Thomas B. Roberts, Ph.D. and Paula Jo Hruby, Ed.D.
Author Index | Title Index

Secularization and Spirituality.

Duquoc, Christian. (Editor). (1969).
New York: Paulist Press.

ISBN: None

Description: Hardcover, viii + 179 pages. Series: Concilium: Theology in the Age of Renewal, Vol. 49, various translators.

Contents: Preface, 13 chapters divided into 3 parts: 1. Articles, 2. Bibliographic Survey, 3. Documentation Concilium, biographical notes.

Contributors: Andre Aubry, Jacques-Albert Cuttat, Claude Geffre, William Johnson, Liselotte Mettler, Rene Remond, William Sterling.

Note: The chapter " Psychedelic Drugs and Religious Experiences" by Dominique Salman is most relevant to readers of this guide (pages 121-130).

Excerpt(s): Suppose that the psychedelic experience is deliberately undertaken by a sincerely religious subject who expressly wants to take it to deepen and reinforce his religious beliefs and convictions. He undergoes the experience under the watchful eye of competent psychiatrists. In this case, the subject's activity would certainly be religious, and there is no reason why it should not remain religious during the experiment. This would be all the more true, insofar as he would be constantly guided by the suggestions of those assisting him in the experiment. In such a case one cannot question the religious nature of the experience.

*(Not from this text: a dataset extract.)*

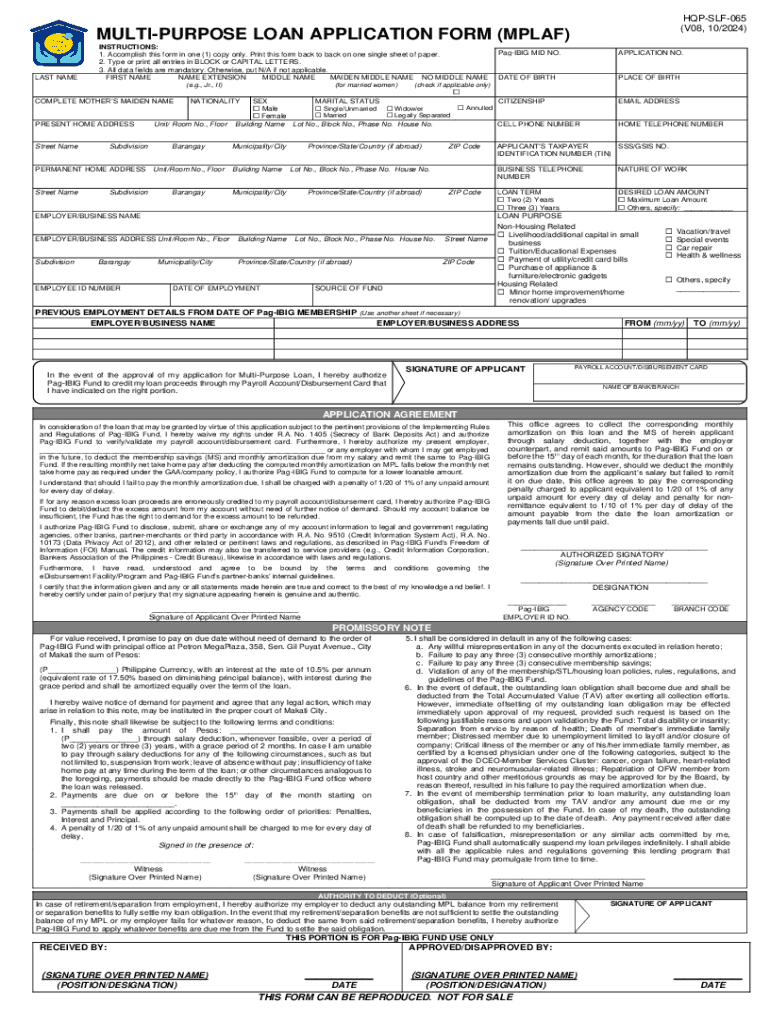 This document is a loan application form for Pag-IBIG Fund members applying for a Multi-Purpose Loan (MPL). It includes various personal and employment details required for the application process,

On the other hand, it seems to me that we have every right to question the spiritual quality of the process and its results. Under the influence of the drug, the reflections of the subject certainly become less lucid, and his behavior less autonomous. Moreover, he places himself in a position of profound dependence on the people who are guiding and assisting him through it. How can a person believe in the divine character of an experience which he himself has initiated, which owes its basic context to his own prior beliefs and those of his assistants, and which is convincing only because of the credulity that he himself has set free? Under such circumstances one can hardly believe that he is engaged in spiritual progress that is tied up with God's action. At the most he can believe in the reality of a therapeutic activity which transforms certain personality structures and thus facilitates a real religious undertaking. (page 129)

It matters little that these new beliefs may be "true," or regarded as true by the subject and his assistants. For it is their quality, not their content, that is the problem here. A religious man should believe freely, in the light of authentic religious experiences that he has undergone lucidly and by personal effort. His religious beliefs should not stem from fixations that were formed artificially in a delirious state. His good intentions and motivations are not in question here. It is the quality of his religious belief that is in question, along with the personality structure that has produced it. (page 130)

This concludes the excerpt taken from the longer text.